Le grand débat social ne peut se dérouler que par la pensée, la volonté et l'action des individus. La société ne vit et n'agit que dans les individus ; elle n'est rien d'autre qu'une attitude déterminée de leur part. Chacun porte sur ses épaules une parcelle de la société ; personne ne peut être délivré par d'autres de sa part de responsabilité. Et aucun homme ne peut trouver pour lui un moyen de salut si la société, dans son ensemble, court à sa ruine. C'est pourquoi chacun doit dans son propre intérêt engager toutes ses forces dans la lutte des idées. Personne ne peut demeurer à l'écart et se considérer comme étranger au débat ; l'intérêt de chacun est en jeu. Qu'il le veuille ou non, tout homme est engagé dans la grande lutte historique, dans la bataille décisive en présence de laquelle notre époque nous a placés.

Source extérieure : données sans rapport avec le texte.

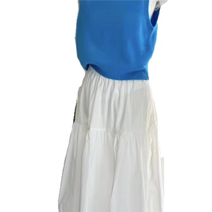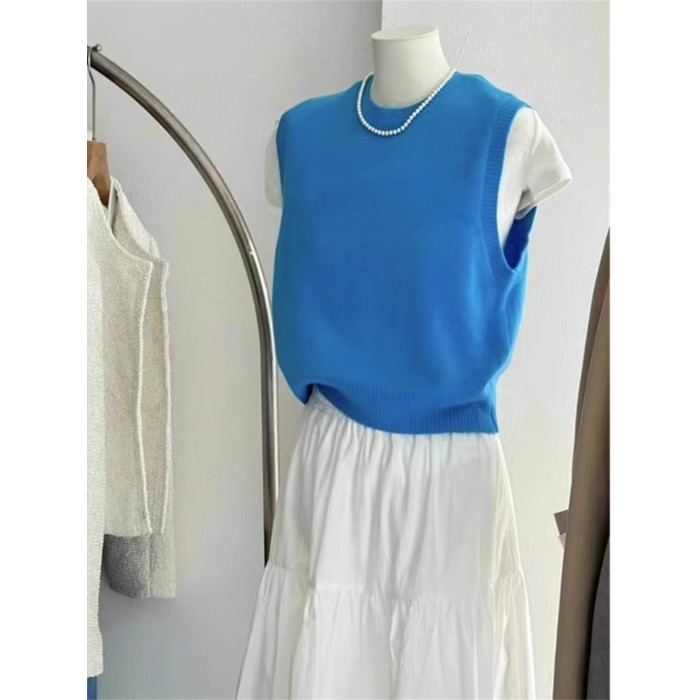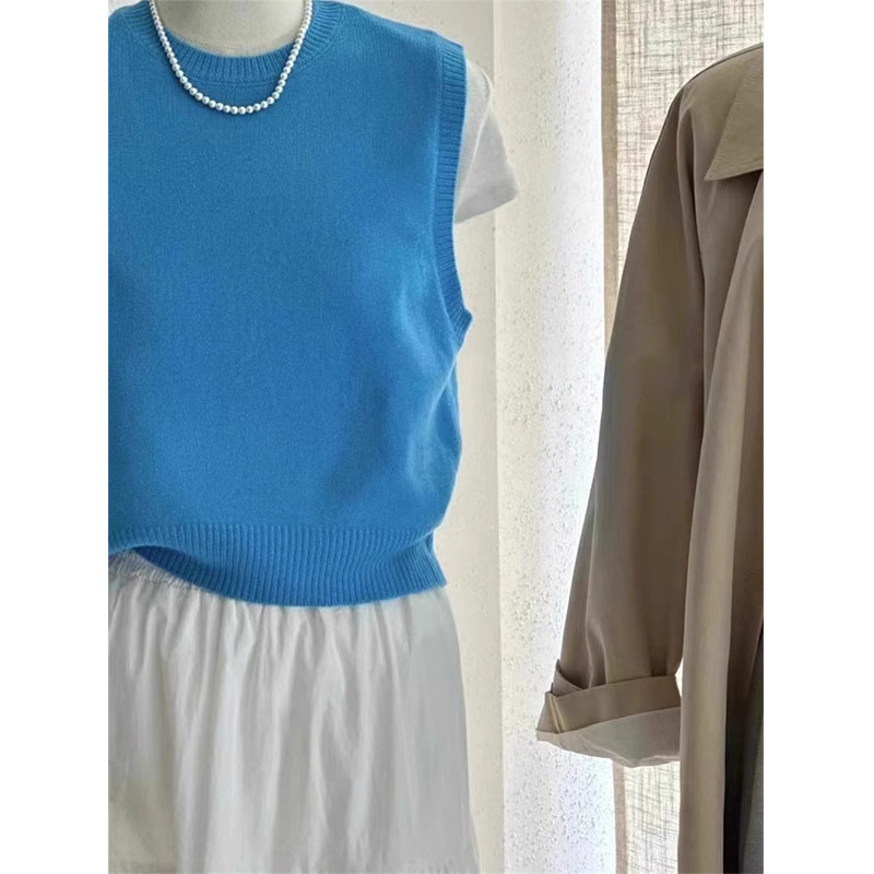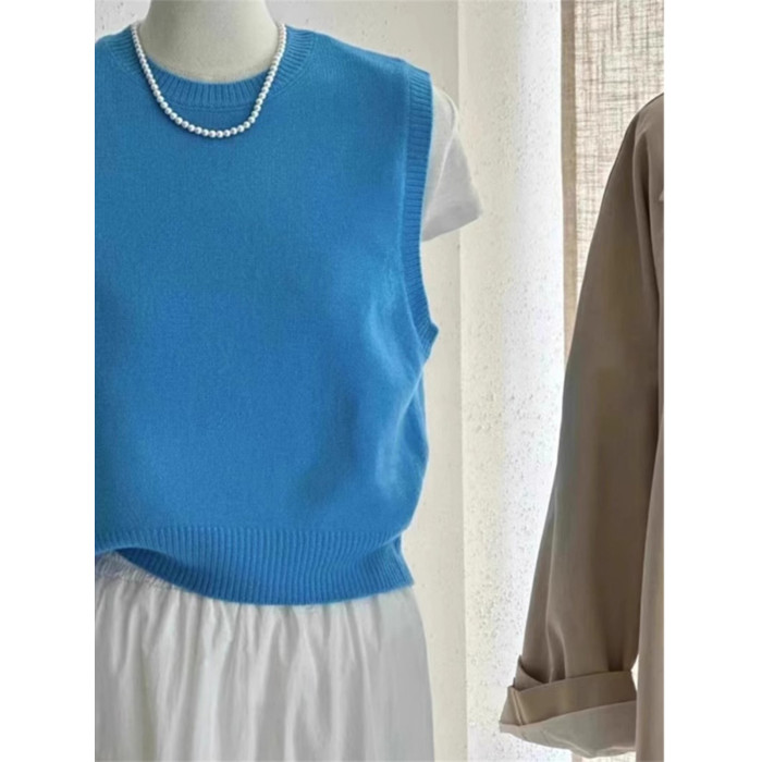 廣州十三行高級歐貨藍色圓領針織背心女秋冬無袖曡穿外搭毛衣馬甲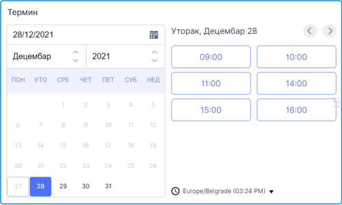ТЕРМИН: Дозвољава ти да дефинишеш термине које корисници могу да одаберу. Можеш да дефинишеш да ли термин може да одабере једна особа, или више њих. Можеш да сазнаш више о овом пољу на овом линку.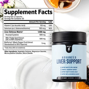Advanced Liver Support supports liver health through its synergistic blend of key ingredients that work together to promote optimal liver function. N-acetyl Cysteine (NAC) can help boost the liver's filtering capacity, aiding in the removal of unwanted debris and supporting peak functionality. Milk Thistle Extract enhances the liver's ability to filter and cleanse the body effectively, shielding it from harmful debris and promoting a healthy inflammatory response. Selenium supports the liver's defense against oxidative stress by being part of antioxidant enzymes that help protect the liver cells from damage caused by free radicals.*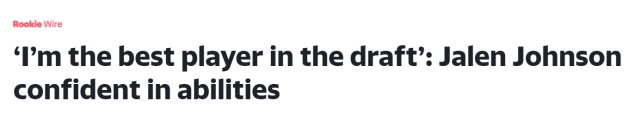 接受采访时,约翰逊说:“我知道我是这届新秀里最好的球员,我就是对自己这么有信心。我的父母也说了一样的话。他们让我坚定了信念。这并没有给我带来压力……”

La société est l'oeuvre de l'homme. Elle n'a pas été créée par un dieu ou par une autre force obscure de la nature. Il dépend de l'homme, dans la mesure où le déterminisme causal des événements permet de parler de volonté libre, qu'elle continue à se développer ou qu'elle succombe. C'est une question d'appréciation personnelle que de savoir si la société est un bien ou un mal. Mais quiconque préfère la vie à la mort, le bonheur à la souffrance, le bien-être à la misère doit accepter la société. Et quiconque veut la société et son progrès doit, sans réserve et sans restriction, vouloir aussi la propriété privée des moyens de production.

Note

[1] Cf. Freund, Totem und Tabu, Vienne, 1913, pp. 62 sqq.